1 file changed (+108 additions, -46 deletions)

View changed files

📝 tinytorch/milestones/02_1969_xor/02_xor_solved.py (+108 -46)

📄 Description

Summary

Fixes two related bugs in Milestone 3 ("MLP Revival, 1986"), specifically the XOR Solved script (`tinytorch/milestones/02_1969_xor/02_xor_solved.py`, which is part 1 of milestone 3 per `MILESTONE_SCRIPTS` in `tito/commands/milestone.py`).

#1614 - XOR stuck at 75%

The migration commit `d30257577c` ("refactor(tinytorch): migrate from legacy np.random to default_rng(7)") inadvertently broke the XOR convergence guarantee. The original line:

```python
np.random.seed(1986) # set global state - influenced layer init
```

was replaced with:

```python
rng = np.random.default_rng(7) # local var, never used - dead code
```

The active weight-init RNG is `tinytorch.core.layers.rng`, which the milestone never touches. With its module-load default (seed=7), the 4-unit hidden layer initializes into a dead-ReLU saddle point: training stalls at exactly 75% accuracy (one of the four XOR cases pinned at p≈0.5) regardless of how long it runs.

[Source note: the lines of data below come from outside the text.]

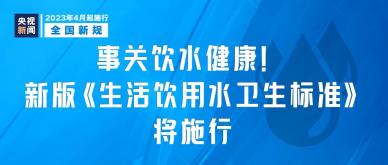 新版《生活饮用水卫生标准》4月1日起实施。新标准更加关注水质安全,强化对新污染物的关注;新增感官指标,有利于提升用水口感和舒适度。
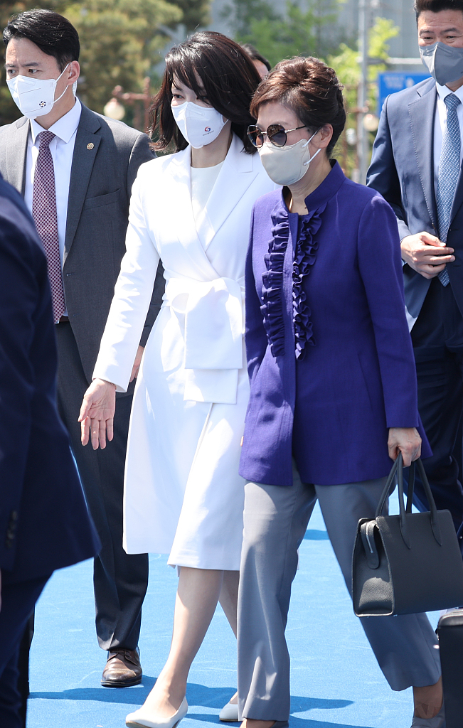 朴槿惠穿蓝色上衣现身,她笑容满面地与尹锡悦握手致意,并在尹锡悦的就职演说结束后随即鼓掌。还与韩国第一夫人金建希肩并肩走下典礼台,两人笑语不断。
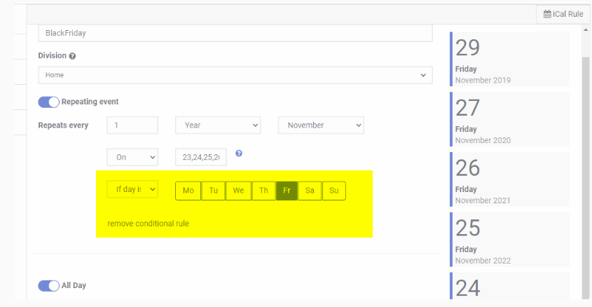 Here's a screen shot of old UI... with "remove conditional rule" and with "add conditional rule". You can also see the "iCal Rule" up in the top right and that's were you could add the iCal Rule which is similar to the RCF 5455.

Fix: Re-seed `tinytorch.core.layers.rng` to 1986 (the year of the backprop paper) right before model creation. This restores deterministic 100% convergence in 500 epochs while preserving the original `hidden_size=4` pedagogy and all surrounding educational text (which references "4 hidden units", "13 parameters", "2→4", etc.).

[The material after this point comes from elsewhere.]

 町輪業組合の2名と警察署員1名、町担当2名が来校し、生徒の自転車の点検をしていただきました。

#1613 - false "XOR solved" advertisement

Even when training got stuck at 75%, the script unconditionally printed:

  • ` Training Complete - XOR Solved!`
  • A green `🎉 Success! You Ended the AI Winter!` panel reading `Final accuracy: 75.0% (Perfect XOR solution!)`

Fix: Gate both messages on a 0.95 convergence threshold. Below threshold, show a yellow "Training Did Not Converge" panel that explains the dead-ReLU saddle-point symptom, tells the student to re-run or use a larger hidden layer, and explicitly warns against moving on to Milestone 03 TinyDigits with a broken XOR result.

Repro

Before:
```
Epoch 500/500 Loss: 0.3490 Accuracy: 75.0%
Training Complete - XOR Solved! <- false
║ Final accuracy: 75.0% (Perfect XOR solution!) <- false
```

After (success path):
```
Epoch 500/500 Loss: 0.0053 Accuracy: 100.0%
Training Complete - XOR Solved!
║ Final accuracy: 100.0% (Perfect XOR solution!)
```

After (failure path, simulated by forcing the bad RNG state):
```
⚠️ Training Complete - but only 75.0% accuracy.
The network did not converge (likely stuck in a saddle point).
Try re-running the milestone - random init can pin a 4-unit hidden
layer at 75% on XOR. See issue #1614.
╔══════════════════════ ⚠️ XOR Not Solved Yet ══════════════════════╗
║ Final accuracy: 75.0% (below the 95% convergence threshold) ║
║ ... ║
```

Files changed

  • `tinytorch/milestones/02_1969_xor/02_xor_solved.py` (only file)

Test plan

  • `pytest tinytorch/tests/milestones/test_milestones_smoke.py -k xor` passes (4/4)
  • Manual run produces 100.0% test accuracy and the success panel
  • Simulated failure path produces the "did not converge" warning panel and recovery instructions
  • CI on dev once the PR is opened

Relates to #1613
Relates to #1614


🔄 This issue represents a GitHub Pull Request. It cannot be merged through Gitea due to API limitations.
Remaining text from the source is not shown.